Wednesday, July 20, 2011

Theme Song.

Today I was in the gym after a long day at work. I was exhausted. I had a client dinner that went until 10 last night, and I didn’t sleep well after. Then, I had a customer come into my office this morning for a two hour meeting followed by a two hour lunch. I had been smiling and presenting and making this prospect feel comfortable with the Bank. So when it all ended, all I wanted to do was curl up under my desk and sleep. But my inbox was full of red font screaming back at me, my voicemail light was flashing and I had a note from my manager saying, “I’ve got a new one for you.”

I took a deep breath and plowed away for the next five hours, trying to make a dent in my inbox and accomplishing most of the items I had on my “to do” list scheduled for today. (I did, however, run to the basement to grab a Coke Zero out of the vending machine to power me through.)

So by 7 p.m. I was weary but decided to hit the gym anyway.

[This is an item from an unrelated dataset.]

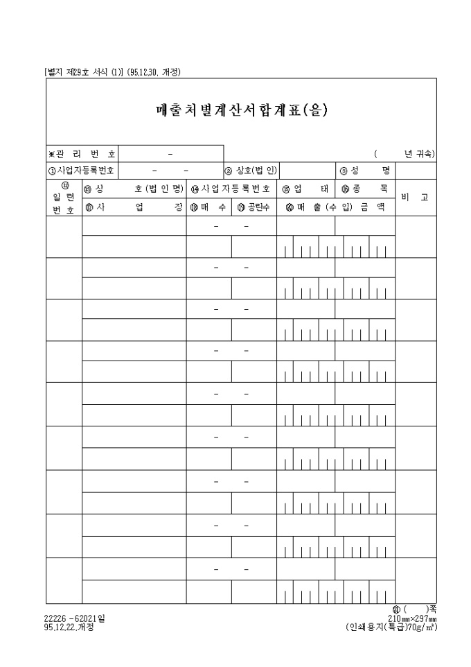 9,000원/월[별지 제29호 서식 (1)] 매출처별계산서합계표(을) 양식입니다. 일련번호, 사업장, 매수, 공란수, 매출(수입)금액등의 항목으로 구성된 양식입니다.
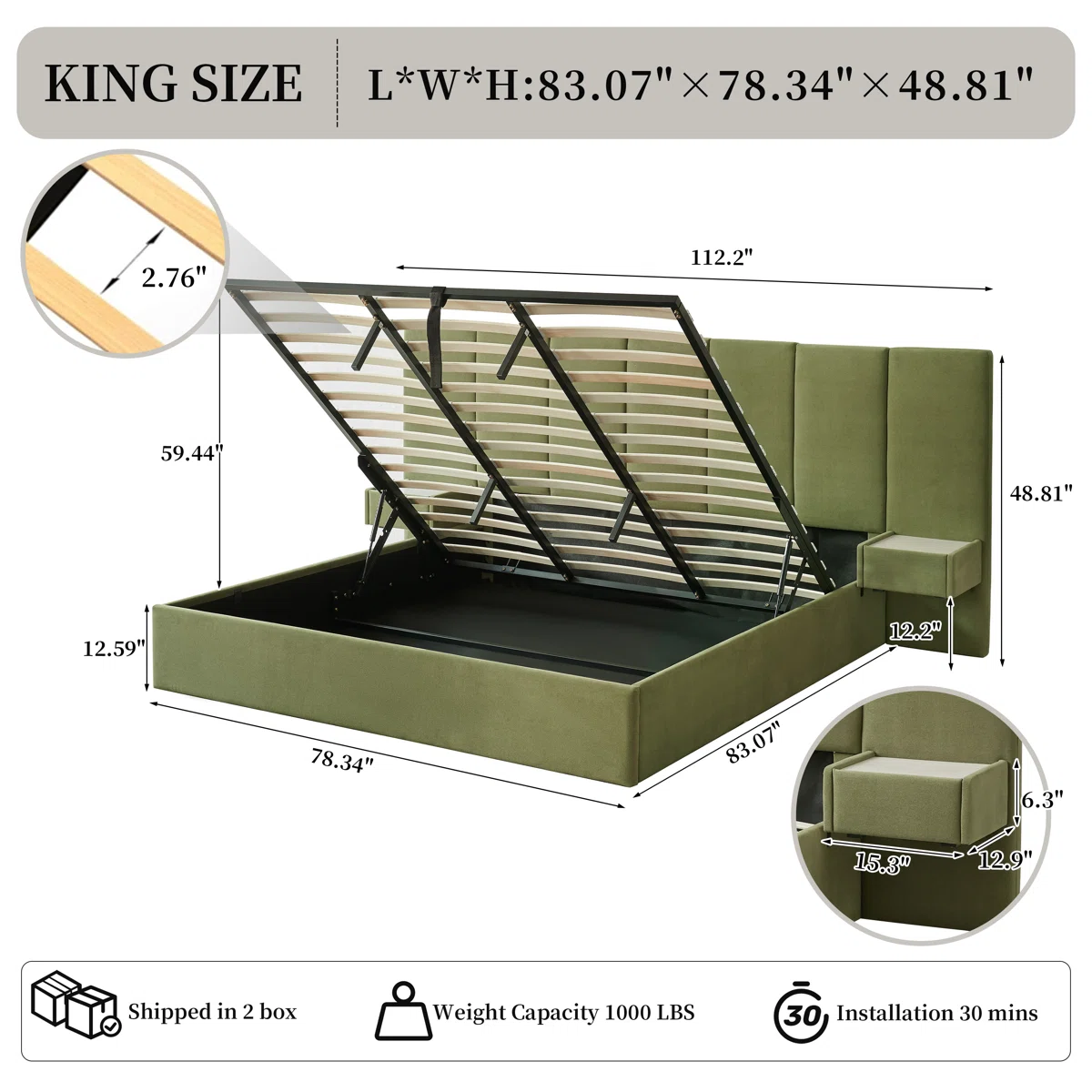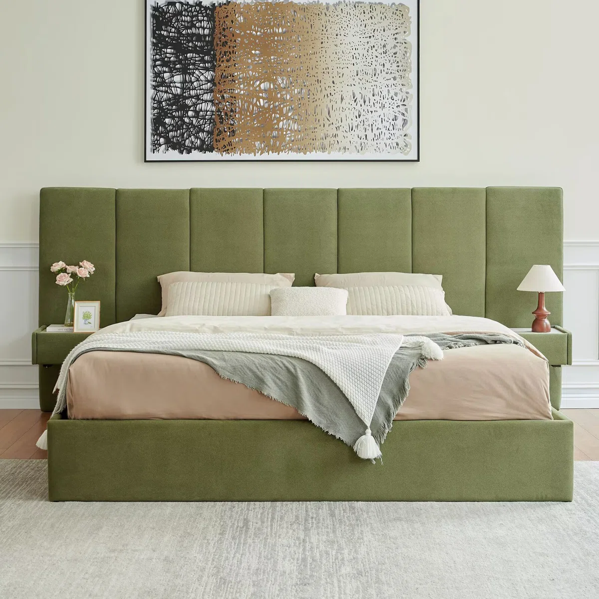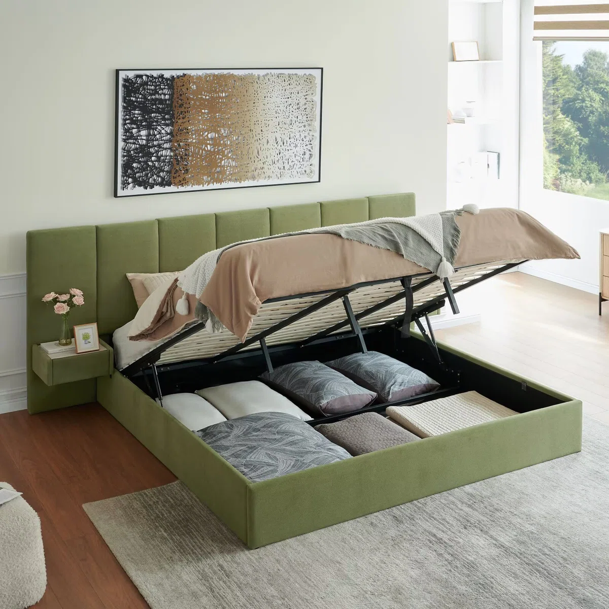 Upgrade your master bedroom with the Latitude Run Upholstered Lift Storage Bed Frame featuring a hotel-style wide headboard, plush green velvet upholstery and a space-saving gas-lift storage base. Designed for king size mattresses, it offers sprung slats for enhanced mattress support and eliminates the need for a box spring. With full-width drawers beneath the bed and a luxurious silhouette, this frame blends functionality and contemporary elegance.

After a few minutes on the elliptical, I was feeling much better. I was clearing my head, watching Wheel of Fortune and was more concerned with the pain in my shoulder than anything work-related. Then, just as I was getting ready to run the stairs, some 1990s Kenny Chesney came on my iPod. Great motivation. Three songs later I heard a few familiar bars from one of my favorite songs in college. “Woman With You” is a sweet and catchy song, and I’ve always liked it, but today was the first time I’ve heard it since I’ve become this new woman. The lyrics spoke to me in a way that I had never understood before. I instantly felt like I was that woman (especially when Kenny makes the bank reference….how did he know??). It also made me wonder how Kenny got so inside the mind of a woman to draft these lyrics—I’m betting he had a little help from an overwhelmed and overworked woman somewhere. Here are a portion of the lyrics:

She said, the girl I was with the business degree probably wouldn't recognize me.
I was gonna run the bank. I was gonna run the math.
Now all I want to run is a bubble bath.
Back then, you know, I had this plan. Before all of this reality set in.
Here comes life, boy, ready or not.
Hey, I wanted it all and that's what I got.

Cause I'm gopherin’, chauffeuring, company chairman. Coffee maker, Copy repairman.
Anymore there ain't nothing, I swear man, that I don't do.
Been juggling, struggling, closing big deals. Dancing backwards in high heels.
Just when it feels like I can't make it through.
She said, it sure is nice to just be the woman with you.

This crazy woman is me. I’m sure of it. I prayed and wished and tried so hard for everything that I have right now: a fantastic job that pays more money than any 24-year-old is worth, a cozy apartment that’s just mine in a lovely neighborhood, enough money to order takeout a few nights a week and fund my shopping sprees at Loft right down the street, a multitude of responsibility (work and otherwise) and a comfortable life that I’ve come to enjoy.

But sometimes (actually most of the time, more recently), all I want to do is curl up on the couch with M, watch a movie and not think about any of these great things that I’ve tried so hard for. I spent the first 18 months of my career trying so hard to get myself to this place, and now that I’m here, all I want is to forget about all of it whenever I can. Sometimes this makes me feel pathetic and ungrateful. And sometimes it just makes me feel like a need a strong drink, a mani/pedi and DVR of every show on Bravo.

However, what I think it should mean is that I am a lucky, lucky lady. Even though I’m exhausted and at the end of my rope on a daily basis, I’ve proved to myself that hard work and determination will take me to where I want to be. I’ve shown myself how to deal with big changes (and little ones) and how to be graceful and calm when I feel like breaking down (alright, not always graceful and calm, but most of the time or at least a valiant effort).

And M is a constant reminder that life and love always trump money and work, which is something I sometimes need help remembering. We’re always trying to strike a balance between the opposing forces in our lives, and I’m trying to remember that we don’t always need to stand perfectly in the middle to be happy and successful.